• [EXERCISE AIM]: Each line from the one holding "Babydoll & Thong Lieve - Paars" to the last line below must be restated word for word, and no picture may be included.

• [DATASET SECTION]:
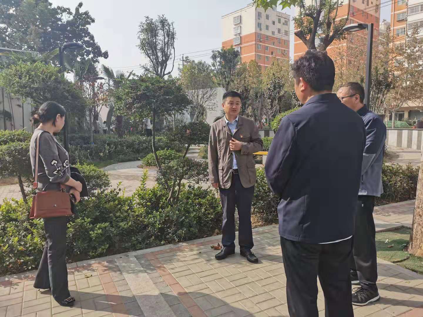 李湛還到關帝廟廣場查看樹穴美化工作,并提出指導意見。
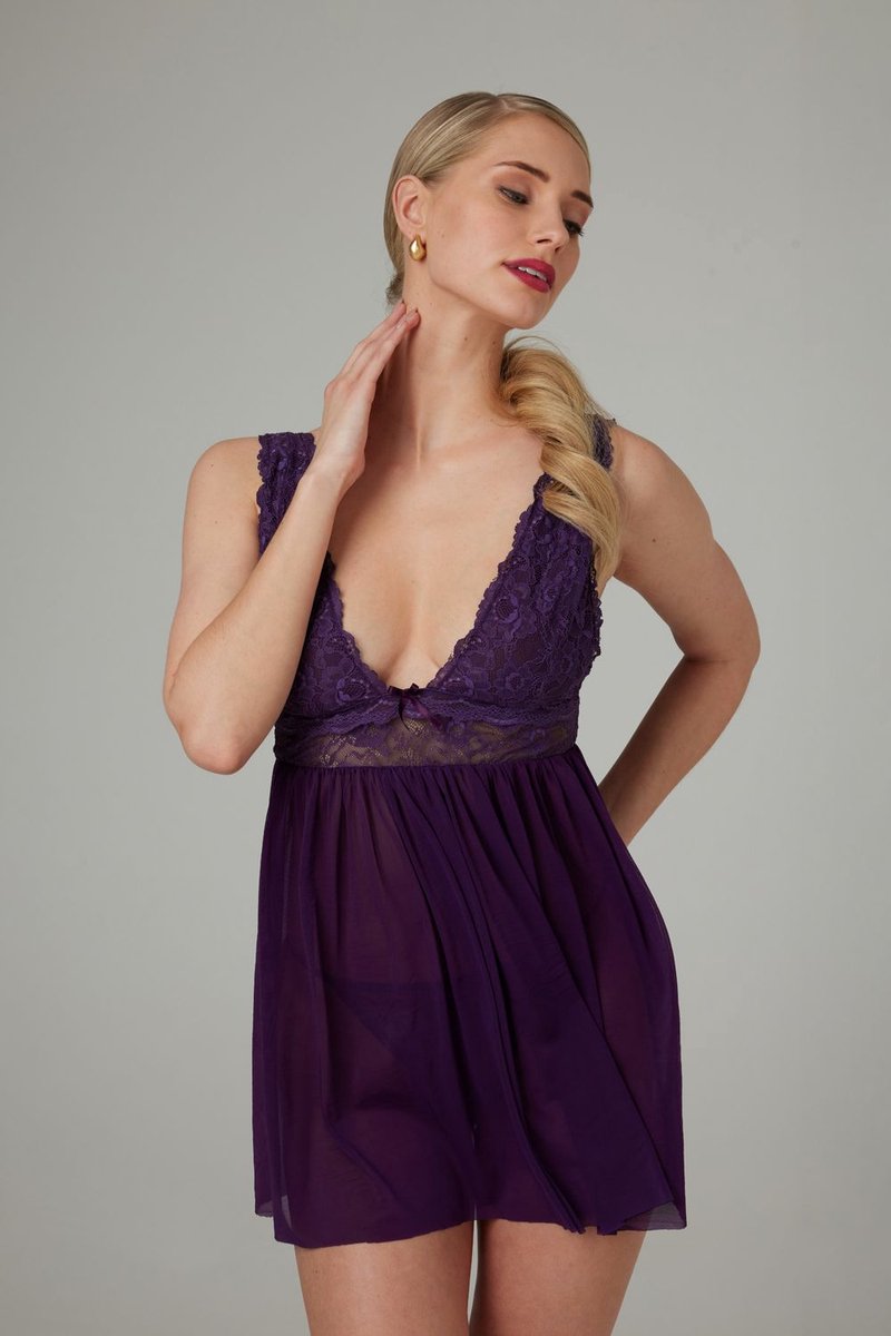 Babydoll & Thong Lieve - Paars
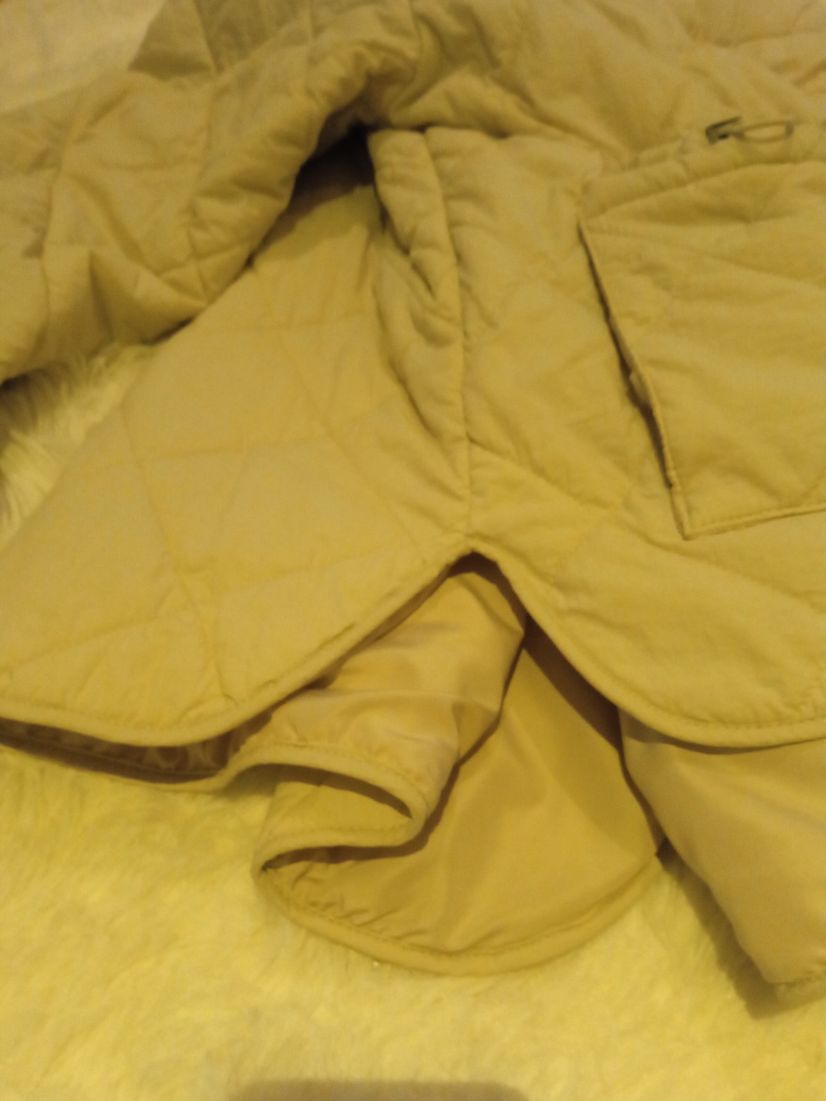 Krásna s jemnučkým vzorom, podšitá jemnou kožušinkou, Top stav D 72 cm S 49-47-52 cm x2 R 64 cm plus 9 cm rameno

• [ANSWER TO THE PROBLEM]:
 Babydoll & Thong Lieve - Paars
 Krásna s jemnučkým vzorom, podšitá jemnou kožušinkou, Top stav D 72 cm S 49-47-52 cm x2 R 64 cm plus 9 cm rameno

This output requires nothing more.